# 5 % DEWA Administration charge ?



## Lenochka (Apr 19, 2008)

Folks,
I am just about to sign the contract for a flat. In addition to some other stuff, it is my understanding that there is a 5 % DEWA administration charge levied.
5% of the anual rent divided by 12, i.e. monthly. 

Some folks I know mentioned that there is a way around it...something along the lines of Landlord needs to be on top of the address and then it will not be charged.....sounds a bit strange to me...but anyhow, if there is a way to avoid those charges I would obviously be interested...

anybody know anything about this ?

Any info appreciated

Cheers
Lenochka


----------



## Kansaag (Aug 6, 2008)

*Rental contract/deposit*

Hi
First time I hear about that. When you rent a flat, apart from the price mentioned or advertised, you will pay 5% deposit and 5% agent's fee. You do pay a deposit to DEWA (elec & water) like in any country, but I will check today how much it is. 

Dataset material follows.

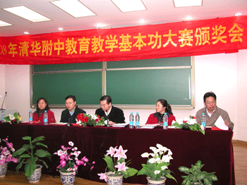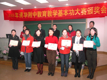 本次比赛分为组内评选、学校比赛、宣传表彰三个阶段进行,首先由各教研组组织本组全体青年教师进行说课比赛,推选出参加学校比赛的青年教师开一节校公开课。共有11个学科、16位教师在全校6个年级开公开课,学校选派了以教研组长、特级教师和市学科带头人为主的25位评委进行听课、评分。最终,教学基本功评出教学语言、板书绘图、课件使用、演示实验四个单项奖和综合全能奖;教育基本功评出教育风采、班会设计、非现任班主任组优秀奖三个单项奖和综合奖。评奖结果如下:

Make sure that you get a registered copy of your rental contract back. Otherwise you cant complain! See the RERA website (Real Estate Regulatory Agency, Land Dept, Governm Dubai) for more information. You can also enquiry at one of the bigger rental agencies like Betterhomes, how they go about.


----------



## Lenochka (Apr 19, 2008)

That is what I do not understand. I know about the 5% agency fee, I know about the deposit for the flat, I know about the deposit for DEWA....but I did not know about the additional charge of 5% divided by 12 month as the DEWA administration charge.


----------



## Madam Mim (Jul 1, 2008)

The 5% you are referring to is a Municipality Housing fee. DEWA collects it on behalf of the Municipality. Haven't heard of a way to avoid paying it unfortunately though.


----------



## alexalexa (Oct 10, 2008)

we were told that if our landlord writes some letter to dewa we will avoid paying 5%. don't understand it though either. if you find out, please let me know if it is true and how it works.


----------



## Kansaag (Aug 6, 2008)

I asked the rental lady at our office. DEWA deposit is AED 2000. To be paid by the tenant. Not aware of the 5% housing fee. I suggest you ph DEWA.


----------



## kelly1814 (Mar 31, 2008)

the 5% to dewa is a fact and unavoidable. it can take thema while to cotton onto you having moved in though which can meana a shock a few months into your tenancy!


----------



## Ogri750 (Feb 14, 2008)

The fact that it comes as a shock to some people is even more reason to buy something like Dubai Explorer.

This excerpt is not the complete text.